● **Goal of the exercise**
Work out the number of lines in the records that include the word "Powdery"; reply with that number alone.

● **Supplied data**
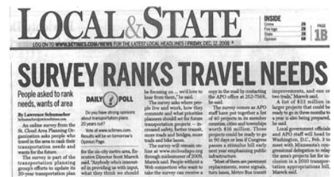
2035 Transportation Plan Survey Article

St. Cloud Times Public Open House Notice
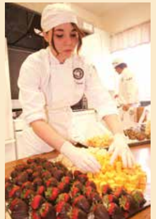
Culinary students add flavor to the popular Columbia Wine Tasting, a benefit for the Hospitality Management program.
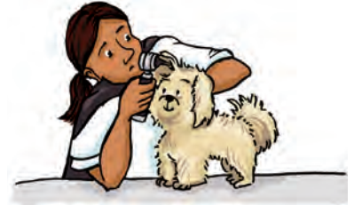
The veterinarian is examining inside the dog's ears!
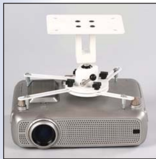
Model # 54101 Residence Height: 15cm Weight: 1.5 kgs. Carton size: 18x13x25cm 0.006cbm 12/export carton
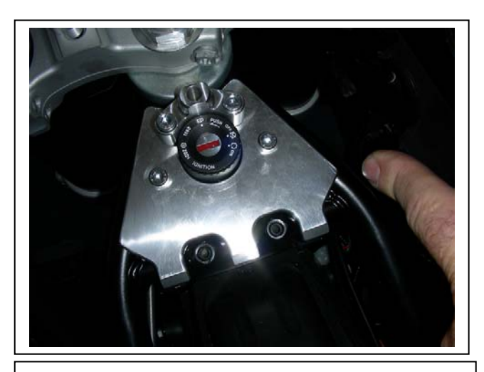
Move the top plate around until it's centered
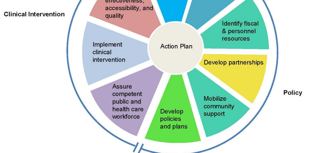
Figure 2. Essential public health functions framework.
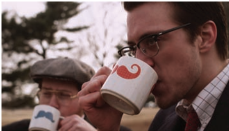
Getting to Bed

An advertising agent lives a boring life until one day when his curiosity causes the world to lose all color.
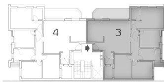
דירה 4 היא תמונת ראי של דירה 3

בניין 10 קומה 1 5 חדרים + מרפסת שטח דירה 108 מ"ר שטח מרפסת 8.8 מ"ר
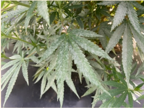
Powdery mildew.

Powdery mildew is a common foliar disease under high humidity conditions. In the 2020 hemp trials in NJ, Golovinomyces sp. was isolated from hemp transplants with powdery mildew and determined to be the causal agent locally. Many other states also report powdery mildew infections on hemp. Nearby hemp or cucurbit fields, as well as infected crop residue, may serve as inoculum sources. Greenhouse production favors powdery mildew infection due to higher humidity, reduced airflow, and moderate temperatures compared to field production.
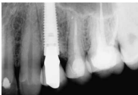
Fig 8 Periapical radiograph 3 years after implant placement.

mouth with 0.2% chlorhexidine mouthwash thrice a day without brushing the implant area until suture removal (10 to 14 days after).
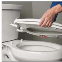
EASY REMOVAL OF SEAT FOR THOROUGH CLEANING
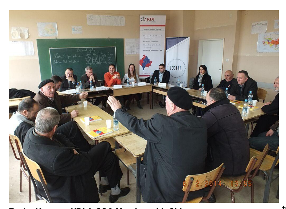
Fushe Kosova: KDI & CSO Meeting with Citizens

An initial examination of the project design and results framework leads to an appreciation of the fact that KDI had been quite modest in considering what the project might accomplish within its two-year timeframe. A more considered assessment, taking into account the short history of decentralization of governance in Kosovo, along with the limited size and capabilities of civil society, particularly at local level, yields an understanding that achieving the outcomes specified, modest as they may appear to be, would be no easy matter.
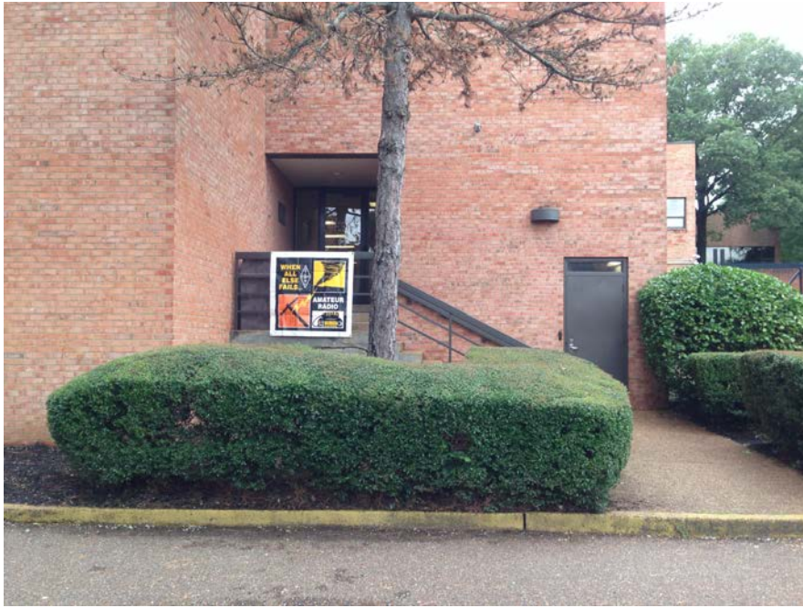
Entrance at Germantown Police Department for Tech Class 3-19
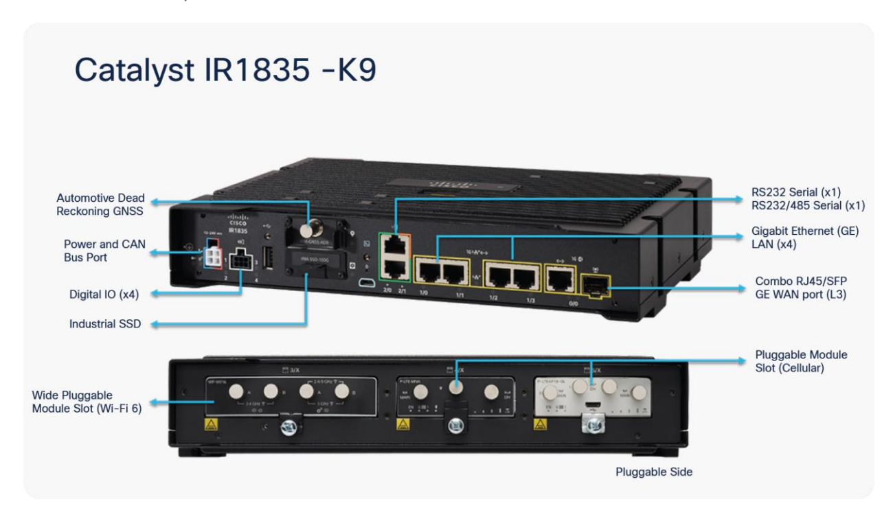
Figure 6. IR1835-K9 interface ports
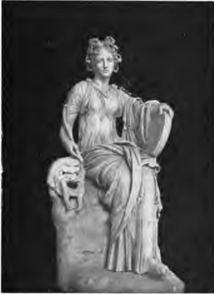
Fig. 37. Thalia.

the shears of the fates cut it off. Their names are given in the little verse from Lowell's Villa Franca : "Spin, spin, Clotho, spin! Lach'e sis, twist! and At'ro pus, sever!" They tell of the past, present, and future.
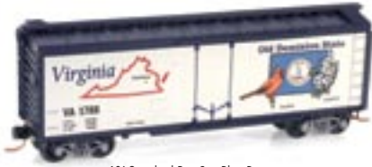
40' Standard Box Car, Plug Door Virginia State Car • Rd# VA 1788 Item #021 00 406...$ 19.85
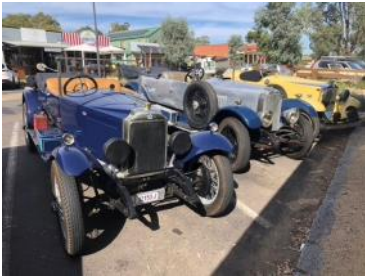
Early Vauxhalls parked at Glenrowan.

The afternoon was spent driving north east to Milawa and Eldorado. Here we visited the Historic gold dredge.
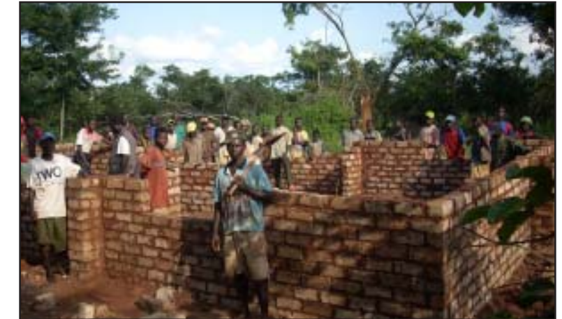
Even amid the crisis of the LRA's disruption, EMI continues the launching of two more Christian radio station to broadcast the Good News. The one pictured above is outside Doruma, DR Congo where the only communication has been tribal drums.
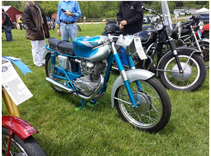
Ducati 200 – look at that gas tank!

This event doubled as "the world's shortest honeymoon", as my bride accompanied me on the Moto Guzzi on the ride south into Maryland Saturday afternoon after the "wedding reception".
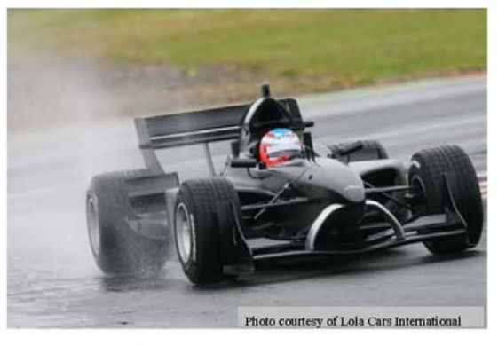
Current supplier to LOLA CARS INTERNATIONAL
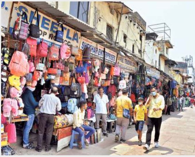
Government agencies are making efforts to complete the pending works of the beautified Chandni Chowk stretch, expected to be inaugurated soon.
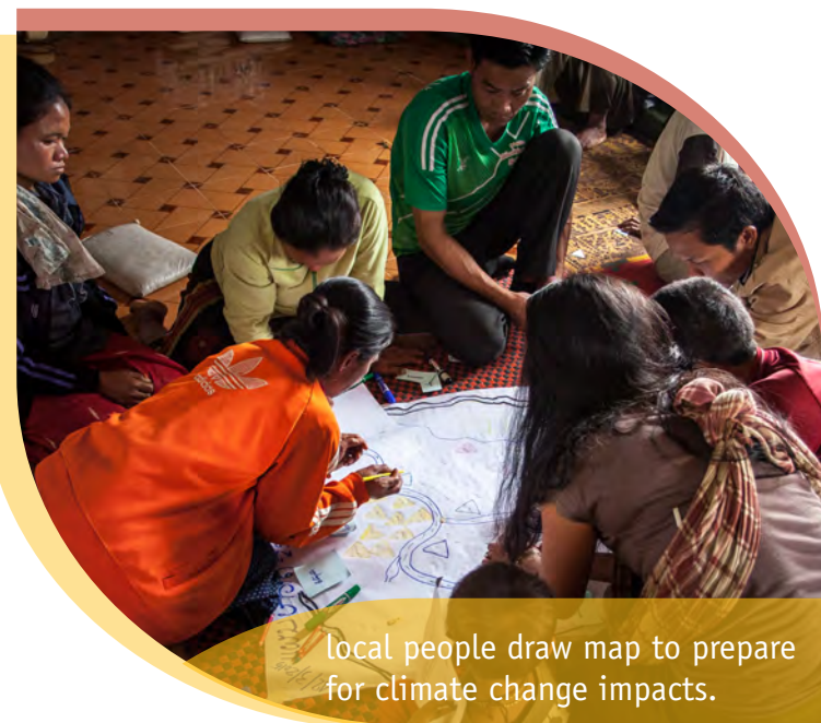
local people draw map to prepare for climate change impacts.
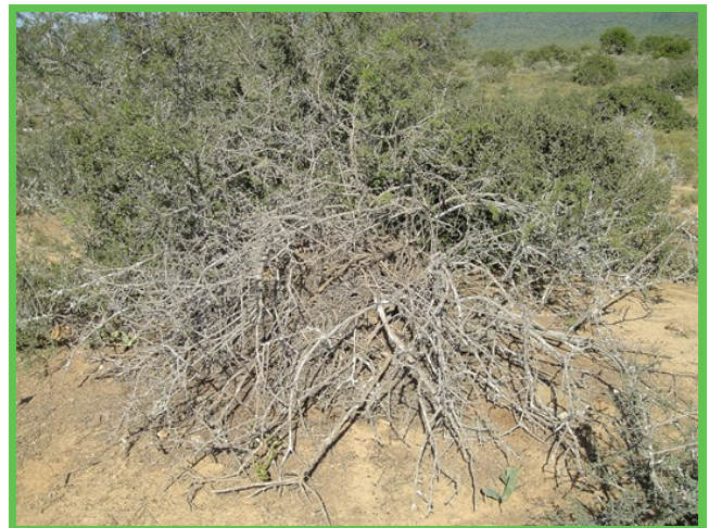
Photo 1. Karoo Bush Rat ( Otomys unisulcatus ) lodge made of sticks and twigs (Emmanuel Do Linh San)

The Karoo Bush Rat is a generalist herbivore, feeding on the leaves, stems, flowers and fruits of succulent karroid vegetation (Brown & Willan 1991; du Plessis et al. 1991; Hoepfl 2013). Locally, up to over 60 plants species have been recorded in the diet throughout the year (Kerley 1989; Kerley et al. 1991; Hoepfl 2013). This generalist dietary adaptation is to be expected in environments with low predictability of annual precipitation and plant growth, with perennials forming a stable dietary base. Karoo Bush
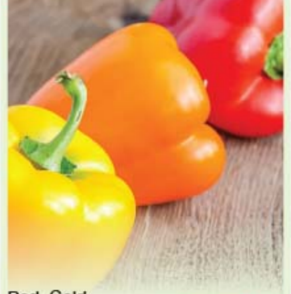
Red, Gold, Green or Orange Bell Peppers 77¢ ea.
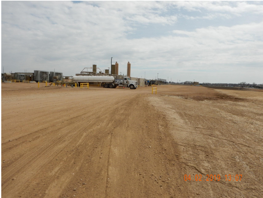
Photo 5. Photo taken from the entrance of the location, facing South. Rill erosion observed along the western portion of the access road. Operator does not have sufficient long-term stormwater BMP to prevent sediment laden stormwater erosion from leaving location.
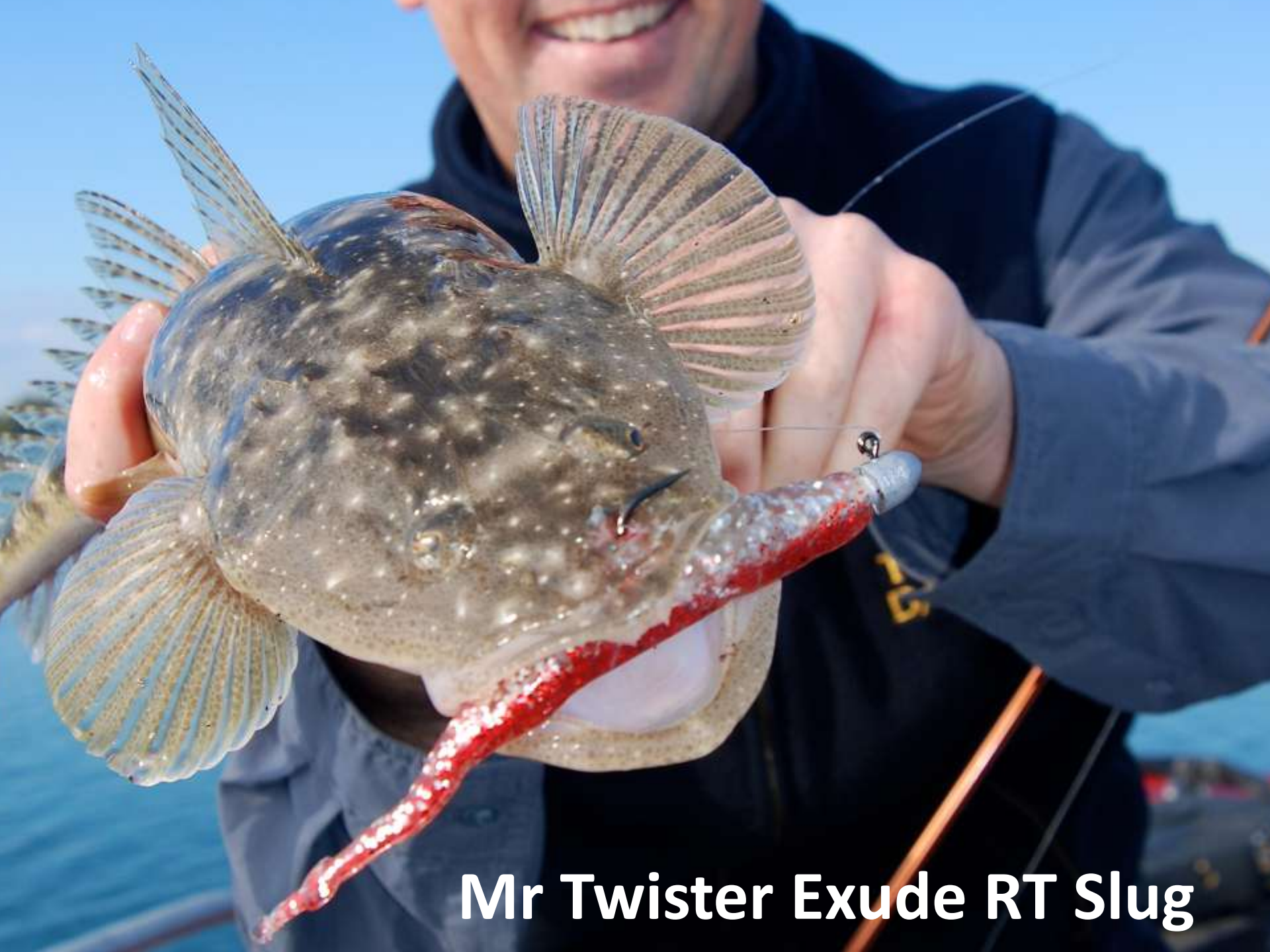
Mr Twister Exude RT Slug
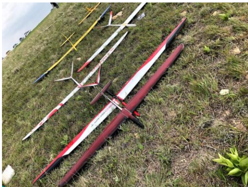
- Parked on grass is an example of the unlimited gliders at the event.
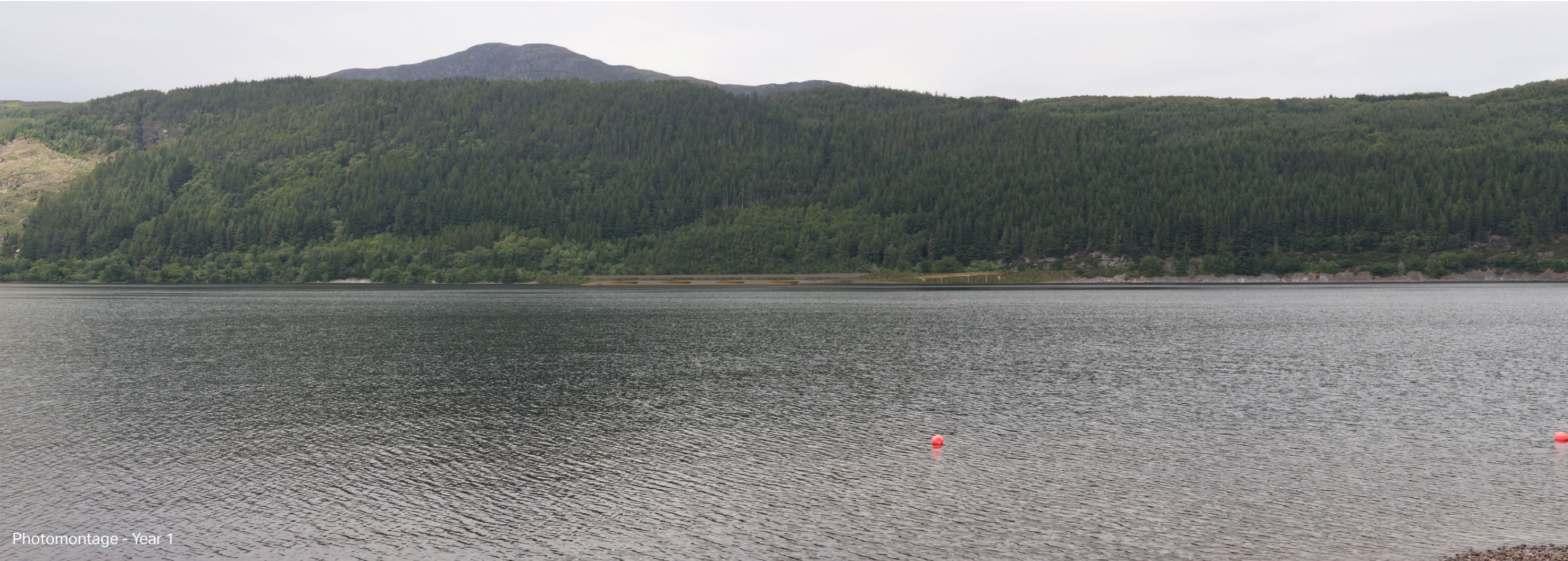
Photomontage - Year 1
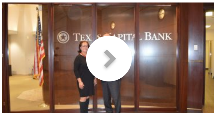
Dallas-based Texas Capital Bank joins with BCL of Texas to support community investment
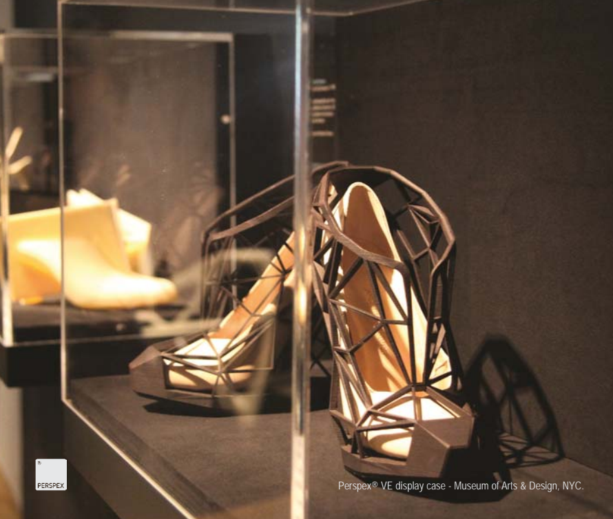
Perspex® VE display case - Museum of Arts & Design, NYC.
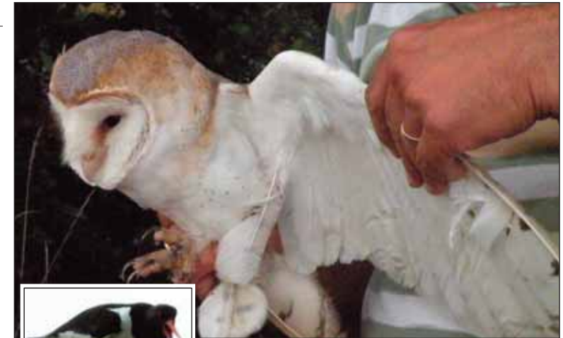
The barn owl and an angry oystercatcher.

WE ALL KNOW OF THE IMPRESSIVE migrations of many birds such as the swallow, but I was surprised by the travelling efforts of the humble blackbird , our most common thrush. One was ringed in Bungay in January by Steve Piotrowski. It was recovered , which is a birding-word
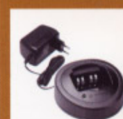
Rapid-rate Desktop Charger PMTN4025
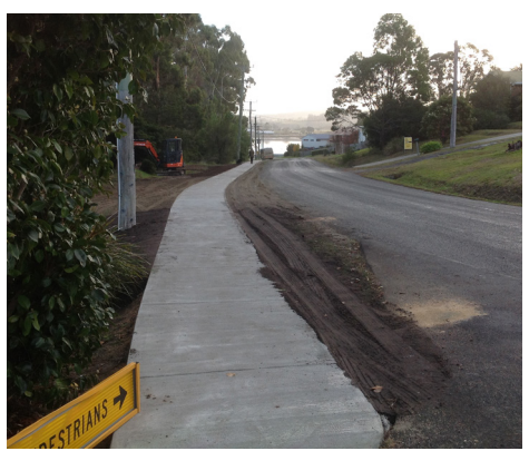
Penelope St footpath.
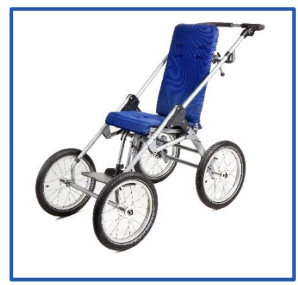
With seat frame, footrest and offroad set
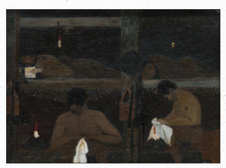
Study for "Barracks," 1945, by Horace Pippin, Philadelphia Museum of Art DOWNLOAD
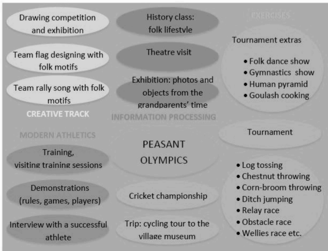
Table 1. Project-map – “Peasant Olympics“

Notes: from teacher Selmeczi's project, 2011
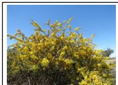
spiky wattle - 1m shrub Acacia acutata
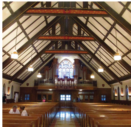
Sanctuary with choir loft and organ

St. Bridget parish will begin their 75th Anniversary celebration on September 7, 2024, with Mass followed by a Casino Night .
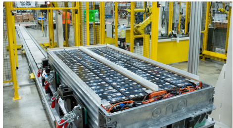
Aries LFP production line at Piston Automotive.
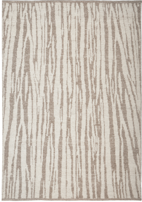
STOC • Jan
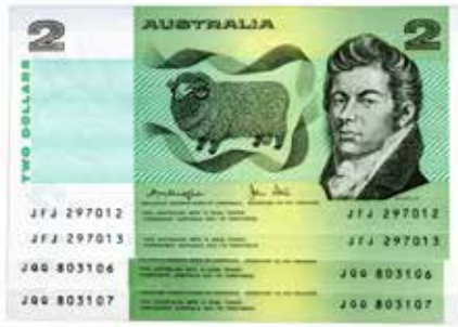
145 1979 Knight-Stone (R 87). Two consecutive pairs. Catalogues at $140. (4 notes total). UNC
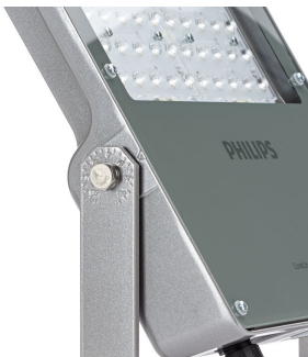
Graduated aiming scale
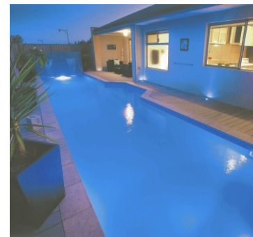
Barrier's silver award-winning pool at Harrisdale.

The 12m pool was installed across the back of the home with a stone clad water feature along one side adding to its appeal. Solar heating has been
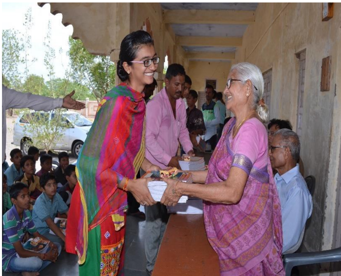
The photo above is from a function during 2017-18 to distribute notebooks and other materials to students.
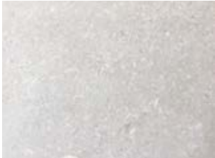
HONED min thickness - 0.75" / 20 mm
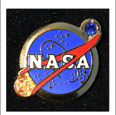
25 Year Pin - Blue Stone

● **Task output**
2